26/09/2013

Orgulho Parental - o ingrediente secreto

Jornal Público (28 de Abril de 2013)


Catarina Rodrigues
Psicóloga Clínica e Psicoterapeuta

É bem cedo no desenvolvimento infantil que nos apercebemos da importância do olhar e das verbalizações de orgulho por parte das figuras parentais em relação às conquistas que os filhos vão fazendo e da influência que têm na perseverança e na confiança da pessoa ao longo da vida.
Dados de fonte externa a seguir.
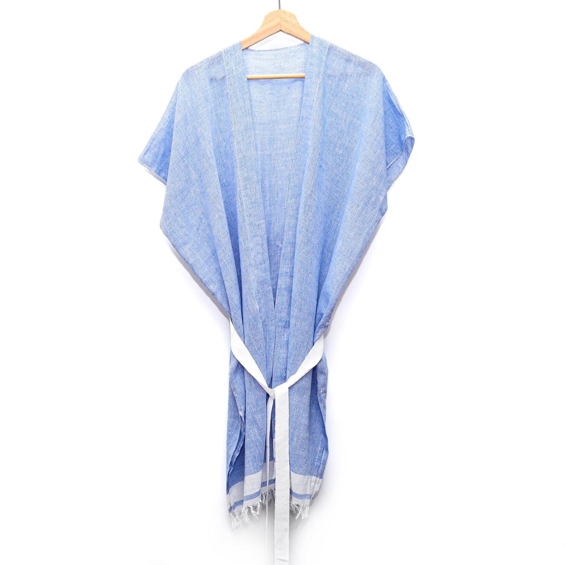 Beyaz Kuşaklı Mavi Pamuk Peştemal Kimono

Em minha opinião, tal importância é reconhecida pelo bebé tão cedo quanto os 4/5 meses. Efectivamente, crescendo no seio de uma relação de amor, é por volta dessa idade que podemos observar que o bebé faz coisas com intenção de despoletar reacções de orgulho e de espanto nos pais. Por exemplo, pegou num livrinho que os pais lhe costumam ler, ri e olha para os pais à espera da resposta. Com mais idade, olha para os pais enquanto faz alguma coisa e bate palminhas e ri – exemplificando a reacção que “espera” da parte dos pais. Comportamento que demonstra bem como, precocemente, somos capazes de “pedir” aquilo de que precisamos para crescer: o deslumbre, o orgulho e o prazer do outro significativo… Para o perceber, basta estar atento e disponível emocionalmente.

A luz que é projectada do olhar de orgulho parental é captada e interiorizada pelos filhos sob a forma de reconhecimento da sua competência, de deslumbre face à capacidade demonstrada. Em suma, de orgulho face ao filho que se tem.

Quando somos bebés, o olhar é um veículo por excelência da comunicação intersubjectiva entre nós e o outro. Há outros sinais comunicantes, como as hormonas, e que captamos a um nível não-consciente e que nos dão informação mais precisa sobre a sintonia entre aquilo que vemos e que sentimos por parte do outro. E que antes de falarmos e de compreendermos bem a linguagem verbal se tornam informação preciosa sobre como somos vistos, sentidos e compreendidos pelo outro significativo.

Os bebés são extremamente sensíveis às emoções dos pais e conseguem discriminar a genuinidade das suas expressões. Como seres não falantes, os bebés são peritos na captação da informação não-verbal e essa informação fica guardada na memória de uma forma não-consciente, como proto-sentimentos ou precursores de sentimentos.

Percebemos bem essa importância quando estamos diante de pessoas que se não se sentiram o alvo do orgulho dos pais e de como isso funcionou como um agente depressígeno em toda a sua vida. A falta do orgulho parental deixou uma pedra no sapato que impediu a pessoa de andar bem, correr e até de saltar os obstáculos da vida.

Na ausência da luz do orgulho parental (que dá calor e energia), fica a sombra fria da depressão, que bloqueia o ânimo e a confiança.

Sou como fui visto/amado

Para compreendermos bem porque é que o papel dos pais é tão importante no desenvolvimento, temos de pensar sobre o seu papel na construção da nossa identidade.

Embora tenha uma base biológica, a identidade é uma construção relacional. Precocemente (até aos 18 meses de idade), bebé identifica-se pela incorporação-assimilação da imagem com que o outro o define. Ou seja, “sou como fui conhecido”. Vou construindo a minha ideia de mim através da assimilação que faço da imagem que os meus pais me devolvem de mim próprio. Coimbra de Matos designa-a por identificação imagóico-imagética.

Por isso, quando falo em orgulho parental não estou a falar de orgulho narcíseo (em que os pais se orgulham de forma narcísica do elevado desempenho dos seus filhos), mas sobretudo da espontaneidade do prazer de conhecer e de ver o nosso filho descobrir e actuar no mundo. Isso, por si só, é deslumbrante!

Tal olhar parental fá-lo sentir-se único, especial e capaz de conquistar o mundo. E isso é tudo o que é preciso para se desenvolver. Os limites e as frustrações, as insuficiências e as decepções serão ensinamentos da vida, que poderão ser melhor geridos – isto é, sem afectar a auto-estima – quanto mais a pessoa se sentiu apreciada e valorizada. Um valor que fará parte da sua reserva interna: «Sei do meu valor como pessoa porque fui e senti-me valorizado/amado».